Plaintiff initiated the present action, alleging breach of contract and a violation of the no- fault act, and sought declaratory relief. Plaintiff asked the trial court to rule that defendant could not use amended MCL 500.3157 to reduce reimbursement or that amended MCL 500.3157 still requires full payment of plaintiff’s reasonable charges. Plaintiff then moved for partial summary disposition under MCR 2.116(C)(10), arguing that there were amounts payable under Medicare for home-health-aide and skilled-nursing care; therefore, plaintiff’s charges are subject to the cap in MCL 500.3157(2) (200% of the amount payable under Medicare). Defendant moved for summary disposition in its favor under MCR 2.116(I)(2), arguing that Medicare does not have an amount payable for such services on a “fee-for-service rate basis” and only reimburses such services under a prospective billing system; therefore, plaintiff’s charges are subject to the cap in MCL 500.3157(7) (55% of the average amount charged for the treatment on January 1, 2019).
The trial court entered an opinion and order granting plaintiff’s motion, determining that the cap in MCL 500.3157(2) applied. As part of its analysis, the trial court found that there was no genuine issue of material fact that Horn required the 24/7 care and that Medicare provided an amount payable for that care. The trial court noted that, although defendant might argue that an expert was needed to determine whether the treatment met the requirements to be billed under Medicare, the trial court believed that it was “unlikely that the Legislature intended expert testimony to be necessary to determine the application of Medicare rates in first-party claims brought by providers.” Defendant moved for reconsideration of the trial court’s order, which the trial court denied. This appeal followed.
II. DISCUSSION A. WHICH NO-FAULT LIMITATION CAP APPLIES Defendant first contends that the trial court erred by finding that payments for home-health- aide and skilled-nursing care were subject to the limits in MCL 500.3157(7), rather than the limits in MCL 500.3157(2). We disagree.

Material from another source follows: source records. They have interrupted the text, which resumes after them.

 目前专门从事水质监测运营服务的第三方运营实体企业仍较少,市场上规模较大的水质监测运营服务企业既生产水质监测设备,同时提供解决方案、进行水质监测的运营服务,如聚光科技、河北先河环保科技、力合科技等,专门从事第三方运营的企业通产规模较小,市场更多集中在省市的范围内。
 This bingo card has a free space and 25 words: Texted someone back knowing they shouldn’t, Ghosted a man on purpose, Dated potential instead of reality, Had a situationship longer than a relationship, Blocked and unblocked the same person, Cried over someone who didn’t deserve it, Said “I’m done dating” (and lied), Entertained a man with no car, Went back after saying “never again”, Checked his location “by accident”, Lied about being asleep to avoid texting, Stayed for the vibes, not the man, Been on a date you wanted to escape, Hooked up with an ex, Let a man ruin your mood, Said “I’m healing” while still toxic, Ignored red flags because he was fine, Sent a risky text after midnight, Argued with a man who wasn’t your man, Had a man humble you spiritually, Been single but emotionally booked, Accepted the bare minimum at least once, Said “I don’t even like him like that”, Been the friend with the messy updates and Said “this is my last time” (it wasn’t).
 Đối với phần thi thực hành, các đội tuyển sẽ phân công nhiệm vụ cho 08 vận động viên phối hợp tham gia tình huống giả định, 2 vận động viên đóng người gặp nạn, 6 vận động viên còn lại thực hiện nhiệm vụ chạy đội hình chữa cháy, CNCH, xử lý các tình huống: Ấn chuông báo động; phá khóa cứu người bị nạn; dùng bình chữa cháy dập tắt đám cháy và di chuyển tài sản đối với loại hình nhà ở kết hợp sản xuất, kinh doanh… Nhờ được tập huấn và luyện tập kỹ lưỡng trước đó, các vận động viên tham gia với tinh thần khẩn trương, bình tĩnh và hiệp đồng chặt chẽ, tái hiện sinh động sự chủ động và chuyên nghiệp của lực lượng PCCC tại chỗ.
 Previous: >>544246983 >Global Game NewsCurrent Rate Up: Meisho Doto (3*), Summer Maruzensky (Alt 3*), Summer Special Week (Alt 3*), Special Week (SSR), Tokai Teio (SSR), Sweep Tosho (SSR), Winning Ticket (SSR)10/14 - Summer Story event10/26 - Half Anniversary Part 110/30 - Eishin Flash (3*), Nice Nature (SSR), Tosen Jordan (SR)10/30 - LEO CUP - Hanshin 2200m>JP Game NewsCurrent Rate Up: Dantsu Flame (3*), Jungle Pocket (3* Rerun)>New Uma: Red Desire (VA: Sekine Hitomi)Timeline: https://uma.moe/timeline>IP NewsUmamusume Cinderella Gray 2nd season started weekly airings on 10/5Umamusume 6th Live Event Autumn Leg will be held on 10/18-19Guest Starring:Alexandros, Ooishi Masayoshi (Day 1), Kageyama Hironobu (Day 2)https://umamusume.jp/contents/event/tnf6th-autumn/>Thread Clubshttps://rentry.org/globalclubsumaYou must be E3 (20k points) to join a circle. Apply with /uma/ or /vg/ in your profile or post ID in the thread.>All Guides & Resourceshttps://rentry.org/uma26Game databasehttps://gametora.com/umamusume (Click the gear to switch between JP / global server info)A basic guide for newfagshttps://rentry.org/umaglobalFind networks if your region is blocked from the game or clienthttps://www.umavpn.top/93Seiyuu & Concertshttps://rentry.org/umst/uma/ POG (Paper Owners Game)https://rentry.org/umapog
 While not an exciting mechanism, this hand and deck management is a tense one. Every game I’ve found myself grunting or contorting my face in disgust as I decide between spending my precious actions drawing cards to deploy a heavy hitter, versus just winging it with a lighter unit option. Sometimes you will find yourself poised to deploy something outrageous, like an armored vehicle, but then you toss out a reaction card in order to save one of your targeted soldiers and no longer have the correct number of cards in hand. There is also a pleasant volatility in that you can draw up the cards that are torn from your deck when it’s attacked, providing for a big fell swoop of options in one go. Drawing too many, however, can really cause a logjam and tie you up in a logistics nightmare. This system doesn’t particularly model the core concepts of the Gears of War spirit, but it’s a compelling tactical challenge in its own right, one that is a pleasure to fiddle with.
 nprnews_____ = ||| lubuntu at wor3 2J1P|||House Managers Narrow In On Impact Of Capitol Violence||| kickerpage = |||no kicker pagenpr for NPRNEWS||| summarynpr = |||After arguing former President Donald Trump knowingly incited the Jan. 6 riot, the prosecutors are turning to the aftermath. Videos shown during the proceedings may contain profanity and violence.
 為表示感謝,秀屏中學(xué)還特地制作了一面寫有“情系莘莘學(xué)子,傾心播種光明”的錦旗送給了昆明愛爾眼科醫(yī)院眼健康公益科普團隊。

We review “de novo the trial court’s decision to grant or deny summary disposition.”
Hubbard v Stier, 345 Mich App 620, 625; 9 NW3d 129 (2023). Under MCR 2.116(C)(10), the question is whether a party is entitled to judgment or partial judgment as a matter of law because there is no genuine question of material fact. MCR 2.116(C)(10). “A genuine issue of material fact exists when the record leaves open an issue upon which reasonable minds might differ.”
Piccione v Gillette, 327 Mich App 16, 19; 932 NW2d 197 (2019). To the extent that the resolution of these issues also requires statutory interpretation, such review also is de novo. Sherman v St Joseph, 332 Mich App 626, 632; 957 NW2d 838 (2020).
More than 50 years ago, the Legislature enacted the no-fault act “as an innovative social and legal response to the long payment delays, inequitable payment structure, and high legal costs inherent in the tort (or “fault”) liability system.” Shavers v Kelley, 402 Mich 554, 578; 267 NW2d 72 (1978). Under the no-fault system, every Michigan motorist is required to purchase no-fault
-2- insurance to be able to legally operate a motor vehicle in the state, and victims of motor vehicle accidents receive insurance benefits for their injuries, rather than common-law remedies in tort. Id. at 579. With some exceptions, the no-fault act requires that “automobile insurance policies provide, at minimum, for payment of ‘[a]llowable expenses consisting of reasonable charges incurred for reasonably necessary products, services and accommodations for an injured person’s care, recovery, or rehabilitation.’ ” Andary v USAA Casualty Ins Co, 512 Mich 207, 217; 1 NW3d 186 (2023), quoting MCL 500.3107(1)(a).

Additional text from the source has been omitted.